Top of Given entries

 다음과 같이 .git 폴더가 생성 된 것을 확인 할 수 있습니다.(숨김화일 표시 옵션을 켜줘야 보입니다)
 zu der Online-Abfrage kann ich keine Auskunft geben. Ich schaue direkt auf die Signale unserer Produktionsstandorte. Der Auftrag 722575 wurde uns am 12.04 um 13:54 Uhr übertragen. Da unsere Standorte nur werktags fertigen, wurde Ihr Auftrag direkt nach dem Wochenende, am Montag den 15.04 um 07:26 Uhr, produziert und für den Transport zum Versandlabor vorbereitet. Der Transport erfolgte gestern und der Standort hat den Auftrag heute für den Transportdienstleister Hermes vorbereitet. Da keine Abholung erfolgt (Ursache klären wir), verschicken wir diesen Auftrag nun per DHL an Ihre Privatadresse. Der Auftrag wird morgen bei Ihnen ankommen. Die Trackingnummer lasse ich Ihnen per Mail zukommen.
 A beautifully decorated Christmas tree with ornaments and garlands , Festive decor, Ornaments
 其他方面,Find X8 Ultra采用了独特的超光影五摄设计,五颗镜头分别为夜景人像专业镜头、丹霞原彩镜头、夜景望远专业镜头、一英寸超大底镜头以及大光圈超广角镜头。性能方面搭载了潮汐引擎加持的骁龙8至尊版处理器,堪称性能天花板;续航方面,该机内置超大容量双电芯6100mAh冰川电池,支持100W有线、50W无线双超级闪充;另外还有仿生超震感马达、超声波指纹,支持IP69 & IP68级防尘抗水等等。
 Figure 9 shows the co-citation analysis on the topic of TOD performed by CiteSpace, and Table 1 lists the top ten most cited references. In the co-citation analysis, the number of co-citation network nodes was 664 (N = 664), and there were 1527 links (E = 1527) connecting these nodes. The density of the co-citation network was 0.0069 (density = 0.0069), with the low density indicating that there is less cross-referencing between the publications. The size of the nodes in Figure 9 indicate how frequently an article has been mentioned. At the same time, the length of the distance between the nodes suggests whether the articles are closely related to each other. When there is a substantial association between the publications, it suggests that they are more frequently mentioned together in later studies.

Bottom of Given entries

Try it —
Search the material for the word "with" and copy each line where it occurs.

The completed task —
 A beautifully decorated Christmas tree with ornaments and garlands , Festive decor, Ornaments
 Figure 9 shows the co-citation analysis on the topic of TOD performed by CiteSpace, and Table 1 lists the top ten most cited references. In the co-citation analysis, the number of co-citation network nodes was 664 (N = 664), and there were 1527 links (E = 1527) connecting these nodes. The density of the co-citation network was 0.0069 (density = 0.0069), with the low density indicating that there is less cross-referencing between the publications. The size of the nodes in Figure 9 indicate how frequently an article has been mentioned. At the same time, the length of the distance between the nodes suggests whether the articles are closely related to each other. When there is a substantial association between the publications, it suggests that they are more frequently mentioned together in later studies.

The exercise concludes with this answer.